BEGIN

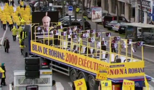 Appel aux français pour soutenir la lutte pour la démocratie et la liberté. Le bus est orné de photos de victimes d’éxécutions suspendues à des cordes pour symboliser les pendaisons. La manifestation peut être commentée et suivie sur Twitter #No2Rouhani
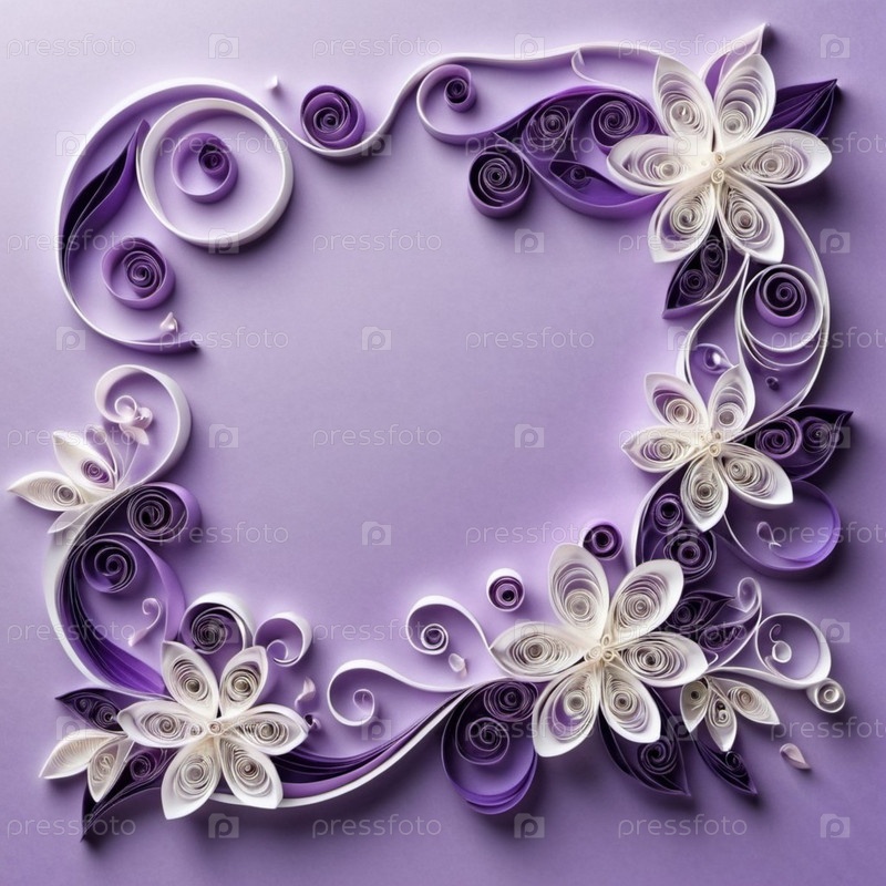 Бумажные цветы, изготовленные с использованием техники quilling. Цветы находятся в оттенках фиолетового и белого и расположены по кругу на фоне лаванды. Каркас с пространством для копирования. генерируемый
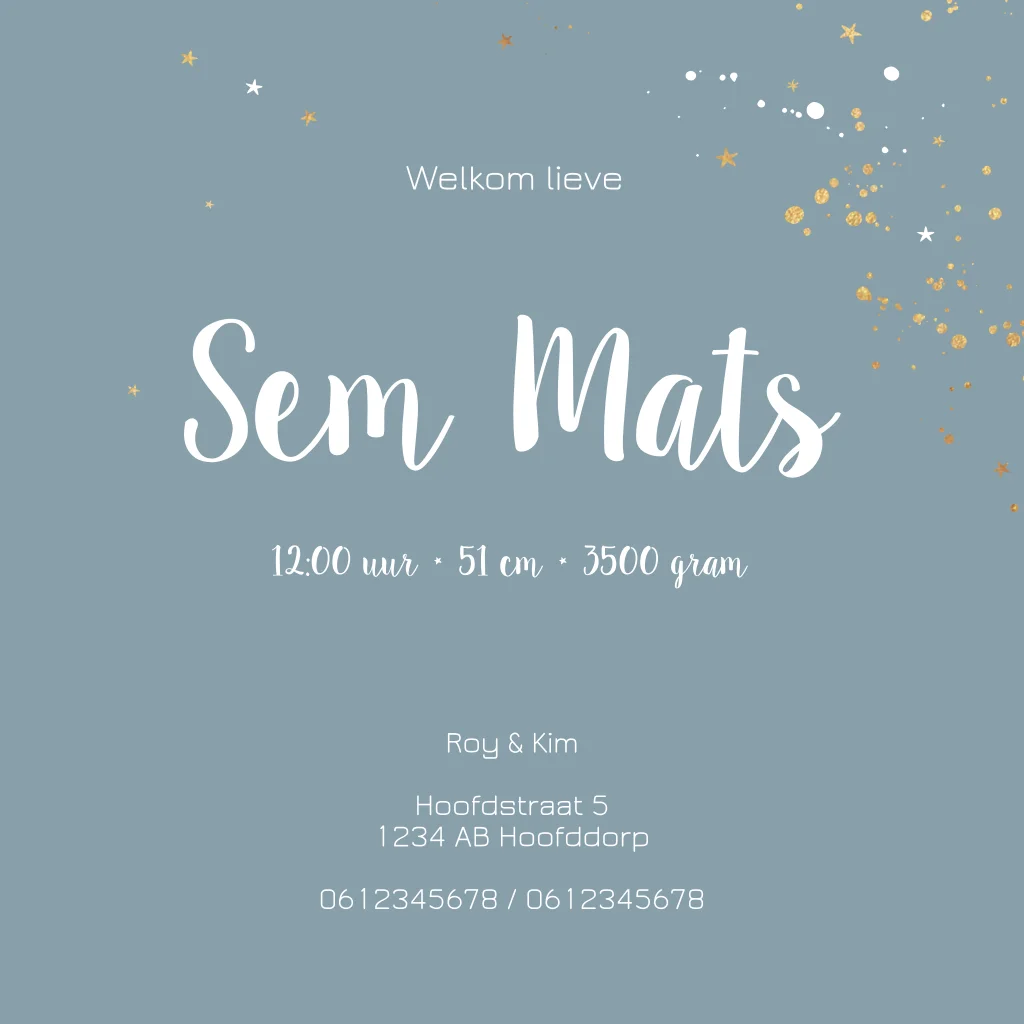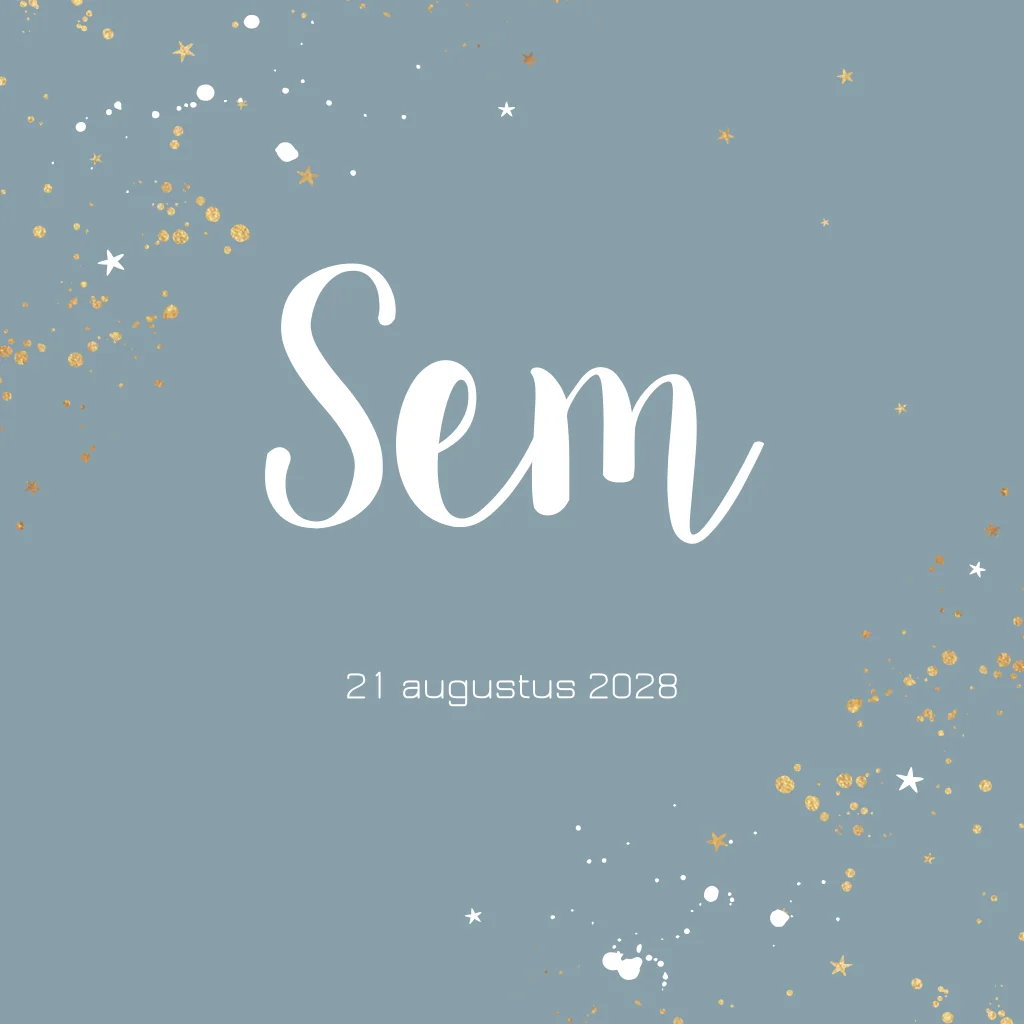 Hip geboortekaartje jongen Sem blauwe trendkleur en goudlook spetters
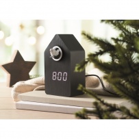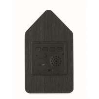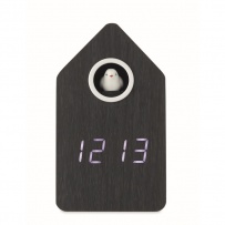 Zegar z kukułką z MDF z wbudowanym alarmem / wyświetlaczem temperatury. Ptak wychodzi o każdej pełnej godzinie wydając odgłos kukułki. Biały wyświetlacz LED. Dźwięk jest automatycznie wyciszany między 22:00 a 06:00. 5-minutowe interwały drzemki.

END

Restate the listing above word for word. Leave the images out.

- **TASK OUTPUT**:
 Appel aux français pour soutenir la lutte pour la démocratie et la liberté. Le bus est orné de photos de victimes d’éxécutions suspendues à des cordes pour symboliser les pendaisons. La manifestation peut être commentée et suivie sur Twitter #No2Rouhani
 Бумажные цветы, изготовленные с использованием техники quilling. Цветы находятся в оттенках фиолетового и белого и расположены по кругу на фоне лаванды. Каркас с пространством для копирования. генерируемый
 Hip geboortekaartje jongen Sem blauwe trendkleur en goudlook spetters
 Zegar z kukułką z MDF z wbudowanym alarmem / wyświetlaczem temperatury. Ptak wychodzi o każdej pełnej godzinie wydając odgłos kukułki. Biały wyświetlacz LED. Dźwięk jest automatycznie wyciszany między 22:00 a 06:00. 5-minutowe interwały drzemki.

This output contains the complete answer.